Маска примерного семьянина, хозяйственного собственника обширных земельных угодий была ему не к лицу. Да, он любил своё поместье, свои поля, свою часть острова, которая досталась ему в наследство от погибших родителей. Но маска остаётся маской. Он, Филипп, граф де Монфор-л’Армори, не семьянин и не помещик! Никто, ни одна женщина, никогда не сумеет привязать его к себе или к дому. Этого не сумела Николь, этого не добьётся от него и Шарлотта де Лаваль, если он всё же поведёт её под венец...

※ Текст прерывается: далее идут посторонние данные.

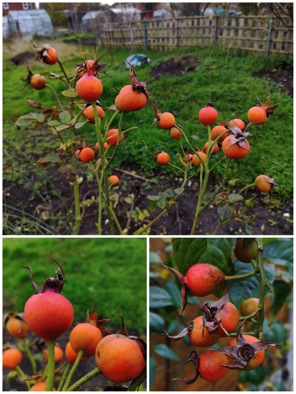 Some hip pics - Arthur Bell again top and left, The Generous Gardener right

Подумав о Шарлотте, Филипп усмехнулся. Молодая графиня де Лаваль считалась одной из самых красивых и выгодных невест в парижском аристократическом обществе. Его тянуло к ней по-иному, чем к другим женщинам: ею хотелось просто подолгу любоваться, как драгоценным камнем редкой красоты. Девушка была, несомненно, восхитительна, но определённо не во вкусе графа де Монфор. Иногда, глядя на неё или думая о ней, Филипп пытался представить Шарлотту в своей постели, однако дальше этих воображаемых сцен дело не шло. Дыхание оставалось ровным, кровь в жилах не кипела, не возникало знакомой и столь приятной тяжести в паху... Короче говоря, Шарлотта его не возбуждала.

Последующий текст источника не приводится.